The lion’s share of grocery hot dogs are precooked. sometimes in the package, sometimes not. In regards to Ball Park, I’d prefer if they had a smokier flavor, and did away with the corn syrup as an ingredient. I see no reason for hot dogs, a product that naturally should fit into the “savory” category, to have a sweetener as an ingredient; and you can taste the sugar in these.
Would I buy them again? Well, if they were on sale and going to be used for either of the two aforementioned preps. With the corn syrup, I think they’d do well in beans and weenies. But today I just put a slight char on them and nestled them into a bun.
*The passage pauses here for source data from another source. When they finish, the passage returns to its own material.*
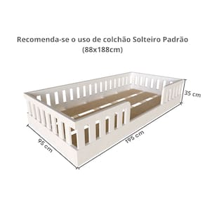 Estilo: Moderno Modular: Não Garantia: 03 Meses Altura (cm): 35 Descrição: Os Móveis devem ser escolhidos com muito carinho, independente de qual for o ambiente, pois eles fazem parte da rotina do dia a dia do nosso lar ou trabalho. Portanto, na hora de decidir qual modelo, lembre-se: além de ter a ergonomia necessária, a medida ideal, um design incrível, eles também devem cumprir suas funções com desempenho total, e na hora da escolha das cores, elas devem combinar com seu estilo e personalidade. Esse Ambiente Infantil possui um design encantador, que permite trazer outros elementos decorativos para compor o ambiente. Acabamento: Melamínico Largura (cm): 195 Possui Baú: Não Possui Pés: Não Tipo de Cama: Montessoriana Possui Portas: Não Possui Gavetas: Não Suporta Até (kg): 80 Profundidade (cm): 95 Tamanho da Cama: Solteiro Tipo de Estrado: Removível Acompanha Dossel: Não Escala de Brilho: Fosco Acompanha Colchão: Não Origem do Produto: Nacional Ambiente Principal: Quarto Infantil Material Principal: MDF/MDP Necessita Montagem: Sim Possui Prateleiras: Não Tamanho do Colchão: Solteiro Material do Estrado: MDP Acompanha Cama Auxiliar: Não Complexidade da Montagem: Média: pode ser montado por mais de uma pessoa e/ou necessite de maior conhecimento para montagem Altura do Estrado até o Chão: 35 Permite a Utilização de Cama Auxiliar: Não Recomendações de Uso, Manutenção e Limpeza: Limpar apenas com pano macio levemente umedecido. Marca: Bramov Móveis Cor do Produto: Branco Itens Inclusos: 1 Cama, Kit Ferragens e Manual de Montagem Sistema de Montagem: Parafusos e minifix Tamanho do Colchão Indicado (L x C): 88 x 188cm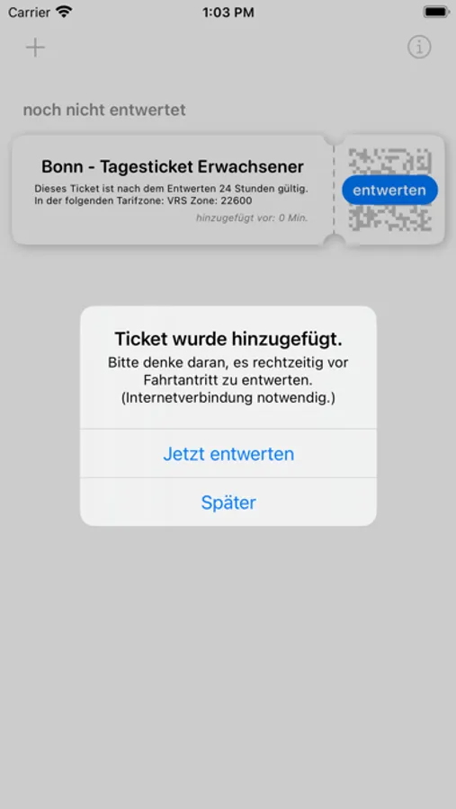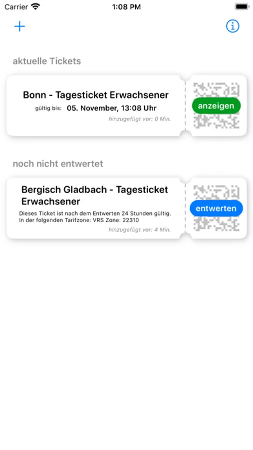 Bus und Bahn Tickets die du in Hotels, für Konzerte oder ähnliches gekauft hast, kannst du in dieser App verwalten, entwerten und während einer Fahrkartenkontrolle vorzeigen.
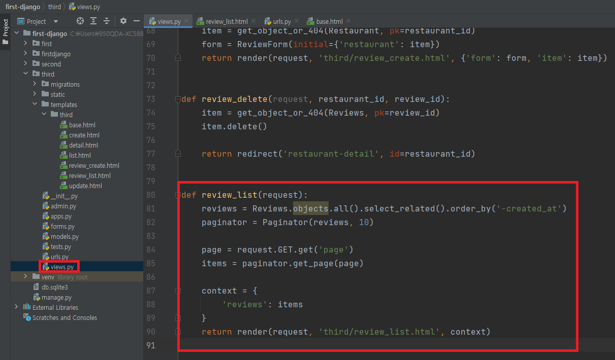 ▶ paginator = Paginator(reviews, 10) : 한 페이지에 10개씩 표시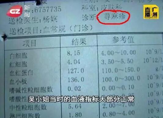 双方争执不断的时候,酒店工作人员就拿出一份,此前吴小姐在医院接受检查后的报告单。报告显示吴女士诊断结果为荨麻疹。记者翻阅资料看过,昆虫叮咬确实也会导致荨麻疹。不过报告上面显示,吴小姐当时的血液指标大部分正常。

Meh.
Postscript: Tried these a second day in a row, and no matter the toppings or condiments, I can’t shake that sugar taste. Just not appealing to me, but probably ‘addictive’ to kids.
Ball Park Franks Angus Review
Stuff it! (Your own sausages). It’s not that hard, I do it a couple times a year, though it is definitely an easier task if you have a partner or two helping.
I’m not going to go through the whole process here, you’ll have to decide whether to use all beef, beef and pork, or poultry as a meat base, and whether to grind it at home or purchase pre-ground meat. There are simple manual stuffing tools (I sometimes use a modified caulking gun), or attachments for devices like KitchenAid mixers. You’ll have to learn about and purchase casings, natural or made from collagen.
This article is just focused on the seasoning mix, a very traditional hot dog flavor. Here are the ingredients for 20 pounds of franks, cut down the recipe proportionately for less meat.
4 Level tsp. INSTACURE #1 (add only if smoking the sausages)
8 Tb. Paprika
12 Tb. Ground Mustard
2 tsp. Ground Black Pepper
2 tsp. Ground White Pepper
2 tsp. Ground Celery Seeds
2 Tb. Mace
2 tsp. Garlic Powder
8 Tb. Salt
4 Cups Non-Fat Dry Milk or Soy Protein Concentrate
8 Tb. Powdered Dextrose
4 Cups of Ice Water
Mix the dry ingredients and crush as needed with a mortar and pestle, and then you’re going to blend these ingredients into your meat mixture making sure it is thoroughly distributed throughout the slurry. You’ll be much happier if you allow the mix to sit in the frig overnight so that all the flavors fully take, but it’s not absolutely essential.
From there, you’ll embark on the stuffing part of the task, and either refrigerate the finished franks, freeze some, or put them on the smoker before storage for additional old world flavor.